##### Provided data #####
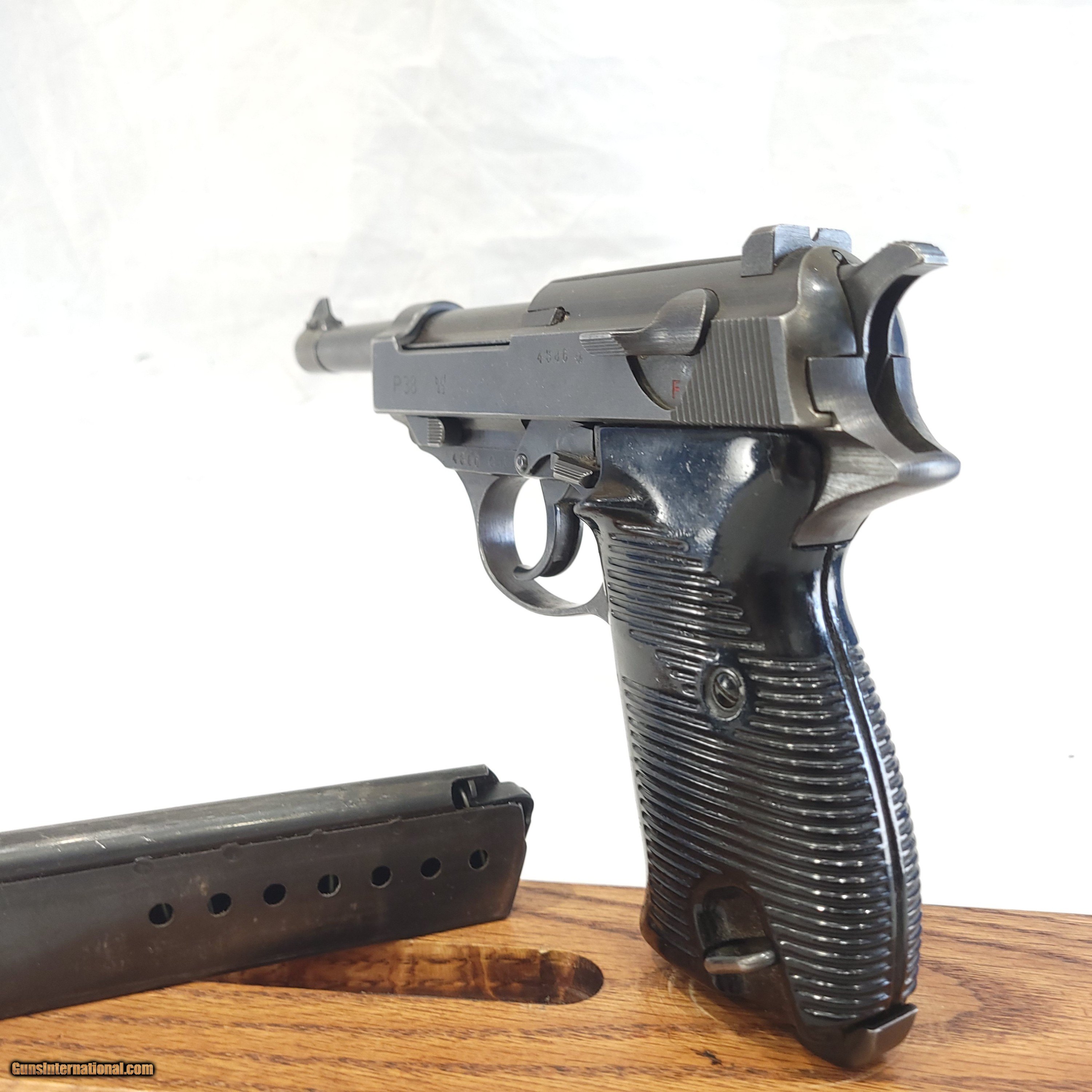 Description: INV. 11242 MINT, MAUSER P-38 (BYF/43), CAL 9MM, SER. 4386 a, THIS MINTY "G.I. BRING BACK" HAS RETAINED ABOUT 99% OF THE ORIGINAL FINISH. IT SHOWS THE TYPICAL BUT SLIGHT MUZZLE LOSS AND A LITTLE SHARP EDGE SILVERING. THERE ARE NO SCRATCHES, RUST PATCHES OR RUB MARKS. THE GRIP STRAP SHOWS NO EVIDENCE OF GRAYING. ALL PARTS MATCH AND HAVE ALL THE PROPER EAGLE/135, WAFFENAMTS. THE BLACK PHENOLIC GRIPS AND GRIP SCREW ARE PERFECT. NOT A CHIP OR A NICK ANYWHERE. THE BOLT FACE, SLIDE RAILS AND FEED RAMP SHOW LITTLE IF ANY USE. THE BORE IS PRISTINE LIKE THE REST OF THE GUN, MIRROR BRIGHT WITH RAZOR SHARP RIFLING. NOT A SPOT OF FROST ANYWHERE. IT COMES WITH ONE CORRECT P-38 MAGAZINE.THIS ICONIC W.W. II PISTOL WOULD PLEASE EVEN THE MOST CRITICAL COLLECTOR, AND SHOULD BE REAL FUN AT THE RANGE. INVESTMENT PRICED .....$1595.*** ***100% SATISFACTION GUARANTEED. THE WHITE WAX MARKINGS ARE THERE TO SHOW THE AUTHENTICITY OF THE PIECE. IT EASILY REMOVED WITH LIGHTER FLUID AND A BRUSH, IT DOES NOT HARM TO THE FINISH. WE WILL REMOVE IT ON REQUEST. To purchase this firearm or if you want to request more information contact us at: Email ckguns[at]ymail[dot]com Phone 201-512-0002 Cell 201-575-6838 FAX 201-215-4759 We accept most major credit cards. Prices shown are Discounted 3% for Cash or Check. The buyer must be familiar with all the laws governing the purchase and the ownership of firearms in their own city and state. The Yankee Armorer, Inc is not responsible for any failure to comply with or observe these laws. The Yankee Armorer, Inc will only ship after full payment and receipt of all required documents. Shipping: Add $35.00 for handguns, $45.00 for long guns. New Jersey buyers are subject to a 7% sales tax. The Yankee Armorer, Inc offers a 3 day inspection period with full refund upon return of intact firearm and in the original condition. The Yankee Armorer, Inc offers a no interest lay away program - 25% down; 25% in 30 days; 25% in 60 days; and full payment in 90 days. Any violation of this policy is subject to restocking and forfeiture of all payments. Any variation from this policy must be agreed to in advance. Unshipped Cancelled sales are subject to a 20% restocking fee. Be advised that all firearms sold by The Yankee Armorer, Inc. or the Gun Exchange, LLC (SELLER) are sold as collector’s items. They have not been fired or tested for safety and must be examined by a license gunsmith prior to use. By purchasing any item from the (SELLER), you are agreeing to hold the (SELLER) free from any damages or lawsuits of any nature. Any item left for transfer or storage will be charged to $25.00 per month, per item from the day of its receipt. Any variation from this policy must be agreed to in advance. Store hours 10:00 am to 5:00 pm Tuesday -Saturday. It's always best to call for appointment. Store 201-512-0002, cell 201-575-6838. SOLD |
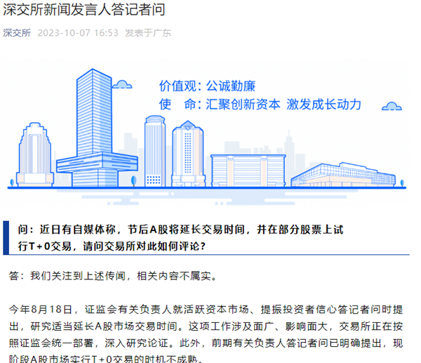 答:我们关注到了上述传闻,相关内容不属实。今年8月18日,证监会有关负责人就活跃资本市场、提振投资者信心答记者问时提出,研究适当延长A股市场交易时间。这项工作涉及面广、影响面大,交易所正在按照证监会统一部署,深入研究论证。此外,前期有关负责人答记者问已明确提出,现阶段A股市场实行T+0交易的时机不成熟。
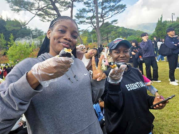 이번 축제에는 김천대학교 재학생, 졸업생, 교수진이 함께 참여해 서로의 경험을 공유하고 교류하는 뜻깊은 시간을 가졌다. 특히 아시아, 아프리카, 남미, 오세아니아 등 다양한 대륙에서 온 유학생 80여 명이 부스를 방문해 K-컬처와 K-푸드에 대한 높은 관심을 보이며 지역 특화 김밥의 매력을 직접 체험했다.
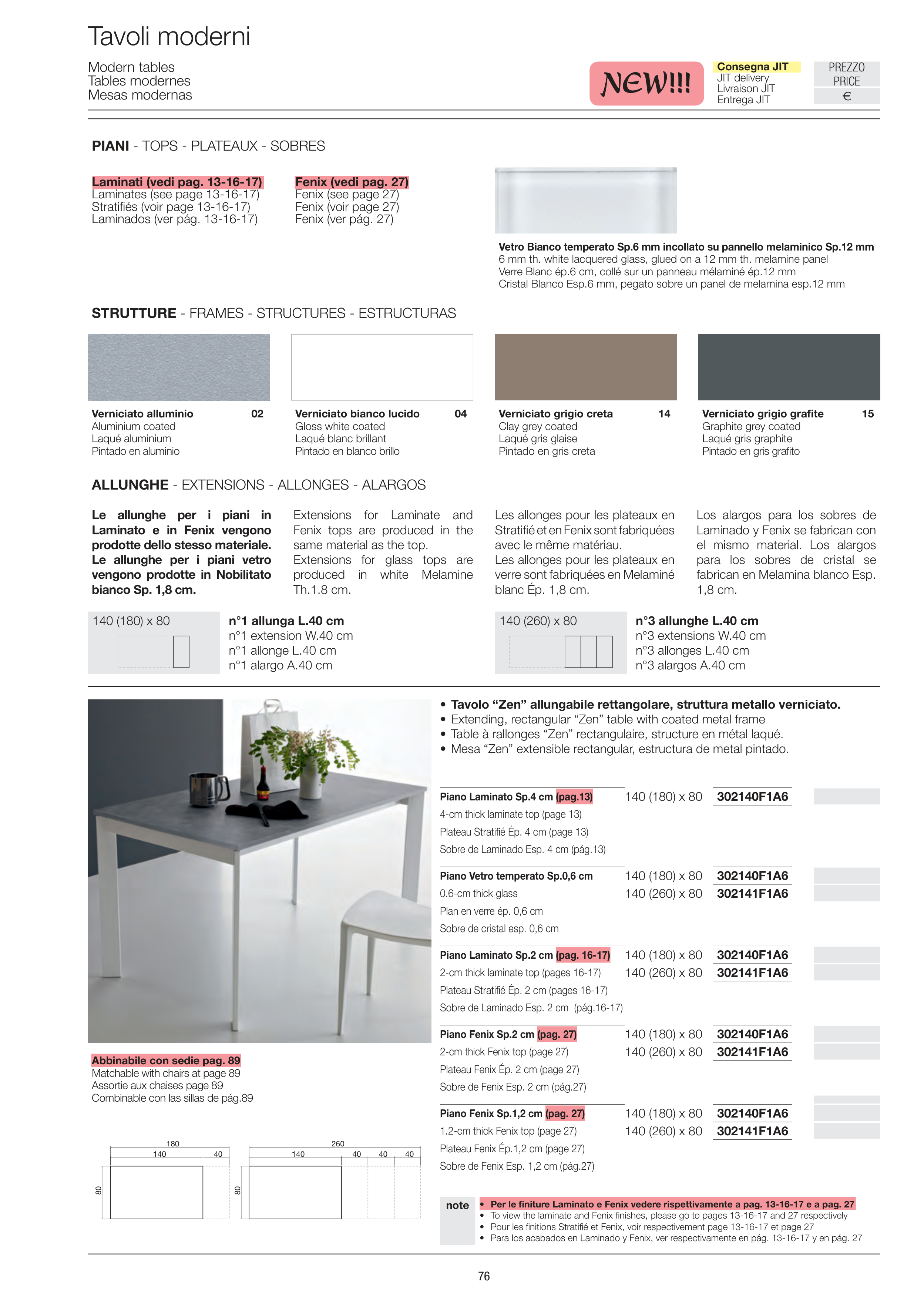 • Para los acabados en Laminado y Fenix, ver respectivamente en pág. 13-16-17 y en pág. 27
#####
What is needed: With the pictures removed, output the listing above exactly.

Answer below:
 Description: INV. 11242 MINT, MAUSER P-38 (BYF/43), CAL 9MM, SER. 4386 a, THIS MINTY "G.I. BRING BACK" HAS RETAINED ABOUT 99% OF THE ORIGINAL FINISH. IT SHOWS THE TYPICAL BUT SLIGHT MUZZLE LOSS AND A LITTLE SHARP EDGE SILVERING. THERE ARE NO SCRATCHES, RUST PATCHES OR RUB MARKS. THE GRIP STRAP SHOWS NO EVIDENCE OF GRAYING. ALL PARTS MATCH AND HAVE ALL THE PROPER EAGLE/135, WAFFENAMTS. THE BLACK PHENOLIC GRIPS AND GRIP SCREW ARE PERFECT. NOT A CHIP OR A NICK ANYWHERE. THE BOLT FACE, SLIDE RAILS AND FEED RAMP SHOW LITTLE IF ANY USE. THE BORE IS PRISTINE LIKE THE REST OF THE GUN, MIRROR BRIGHT WITH RAZOR SHARP RIFLING. NOT A SPOT OF FROST ANYWHERE. IT COMES WITH ONE CORRECT P-38 MAGAZINE.THIS ICONIC W.W. II PISTOL WOULD PLEASE EVEN THE MOST CRITICAL COLLECTOR, AND SHOULD BE REAL FUN AT THE RANGE. INVESTMENT PRICED .....$1595.*** ***100% SATISFACTION GUARANTEED. THE WHITE WAX MARKINGS ARE THERE TO SHOW THE AUTHENTICITY OF THE PIECE. IT EASILY REMOVED WITH LIGHTER FLUID AND A BRUSH, IT DOES NOT HARM TO THE FINISH. WE WILL REMOVE IT ON REQUEST. To purchase this firearm or if you want to request more information contact us at: Email ckguns[at]ymail[dot]com Phone 201-512-0002 Cell 201-575-6838 FAX 201-215-4759 We accept most major credit cards. Prices shown are Discounted 3% for Cash or Check. The buyer must be familiar with all the laws governing the purchase and the ownership of firearms in their own city and state. The Yankee Armorer, Inc is not responsible for any failure to comply with or observe these laws. The Yankee Armorer, Inc will only ship after full payment and receipt of all required documents. Shipping: Add $35.00 for handguns, $45.00 for long guns. New Jersey buyers are subject to a 7% sales tax. The Yankee Armorer, Inc offers a 3 day inspection period with full refund upon return of intact firearm and in the original condition. The Yankee Armorer, Inc offers a no interest lay away program - 25% down; 25% in 30 days; 25% in 60 days; and full payment in 90 days. Any violation of this policy is subject to restocking and forfeiture of all payments. Any variation from this policy must be agreed to in advance. Unshipped Cancelled sales are subject to a 20% restocking fee. Be advised that all firearms sold by The Yankee Armorer, Inc. or the Gun Exchange, LLC (SELLER) are sold as collector’s items. They have not been fired or tested for safety and must be examined by a license gunsmith prior to use. By purchasing any item from the (SELLER), you are agreeing to hold the (SELLER) free from any damages or lawsuits of any nature. Any item left for transfer or storage will be charged to $25.00 per month, per item from the day of its receipt. Any variation from this policy must be agreed to in advance. Store hours 10:00 am to 5:00 pm Tuesday -Saturday. It's always best to call for appointment. Store 201-512-0002, cell 201-575-6838. SOLD |
 答:我们关注到了上述传闻,相关内容不属实。今年8月18日,证监会有关负责人就活跃资本市场、提振投资者信心答记者问时提出,研究适当延长A股市场交易时间。这项工作涉及面广、影响面大,交易所正在按照证监会统一部署,深入研究论证。此外,前期有关负责人答记者问已明确提出,现阶段A股市场实行T+0交易的时机不成熟。
 이번 축제에는 김천대학교 재학생, 졸업생, 교수진이 함께 참여해 서로의 경험을 공유하고 교류하는 뜻깊은 시간을 가졌다. 특히 아시아, 아프리카, 남미, 오세아니아 등 다양한 대륙에서 온 유학생 80여 명이 부스를 방문해 K-컬처와 K-푸드에 대한 높은 관심을 보이며 지역 특화 김밥의 매력을 직접 체험했다.
 • Para los acabados en Laminado y Fenix, ver respectivamente en pág. 13-16-17 y en pág. 27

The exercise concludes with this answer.